Cooling Requirements

Heat Dissipation

All electrical power consumed by servers converts to heat. Use the rack power budget to calculate cooling load.

MetricValue
Rack heat output (typical)3,080 W = 10,510 BTU/hr
Rack heat output (peak)4,550 W = 15,525 BTU/hr
Conversion1 W = 3.412 BTU/hr

Cooling Configuration

SpecificationMinimumRecommended
Inlet Air Temperature18–27°C (64–80°F) per ASHRAE A120–25°C (68–77°F)
Humidity20–80% RH (non-condensing)40–60% RH
AirflowHot aisle / cold aisle separationContained hot aisle or cold aisle
Cooling Capacity per Rack5 kW8–10 kW
RedundancyN+1 CRAC/CRAH unitsN+1 with automatic failover

Airflow Management

  • Install blanking panels in all unused U-spaces to prevent hot air recirculation.
  • Route cables through overhead trays or under-floor pathways to avoid obstructing airflow.
  • Monitor inlet temperature per rack with sensors feeding into the monitoring stack (SNMP → Prometheus).
  • Set alerting thresholds: warn at 27°C inlet, critical at 32°C inlet.

Monitoring and Alerting

MetricSourceAlert Threshold
PDU load (amps per phase)PDU SNMP> 80% of circuit rating
UPS battery chargeUPS SNMP< 80% charge
UPS on batteryUPS SNMPAny event (immediate alert)
Inlet temperatureRack sensor> 27°C warn, > 32°C critical
HumidityRoom sensor< 20% or > 80% RH

Feed these into Prometheus via SNMP Exporter and create Grafana dashboards for the facilities team.

Considerations

  • Power efficiency: Select 80+ Titanium PSUs (96% efficiency at 50% load) to reduce waste heat and operating cost.
  • Phase balancing: Distribute server power supplies across phases evenly to avoid phase imbalance on three-phase circuits.
  • Cable management: Use color-coded power cables (red for Feed A, blue for Feed B) to prevent accidental disconnection of the wrong feed.

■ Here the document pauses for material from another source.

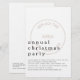Convite Grande Minimalista de Partido de Feriado de Funcionário de Orçamento. Um alternativo maior de 5,5" x 8,5" a um preço orçamentário. Disponível em um STOCK DE CARTÃO SEMI-GLOSS de 110 lb ou em um STOCK de CARTÃO LINEN elegante de 115 lbs de acordo com o padrão (ambos recomendados para convites mais espessos), há também algumas opções de PAPEL FINO (que são ideais para gabinetes). OBSERVE QUE OS ENVELOPES OPCIONAIS SÃO UM POUCO MAIORES QUE O CONVITE A 6,75" x 9" aprox. O cabeçalho é grande em na moda-lowercase com os detalhes abaixo parcialmente sobrepostos ao seu logotipo pintado em segundo plano. Personalize facilmente o texto de ambos os lados para os seus próprios detalhes. Substitua a imagem de exemplo na parte frontal pelo logotipo de sua empresa e clique em personalizar ainda mais para ligar ou desligar qualquer uma das camadas de opacidade, se necessário, para torná-la mais escura ou mais leve.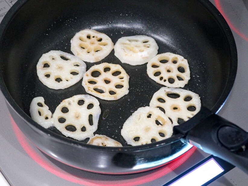3.フライパンにサラダ油を入れて中火で熱し、1を入れて火を通す。裏返しにしたりして全体に火が通ればOK。

See Cabling Standards.
  • Maintenance windows: UPS battery replacement and PDU firmware updates require planned maintenance. Schedule during low-traffic periods and verify 2N redundancy before taking either feed offline.
  • Capacity planning: Track actual power draw per rack monthly. If any rack exceeds 70% of circuit capacity, plan expansion before hitting the 80% derate limit.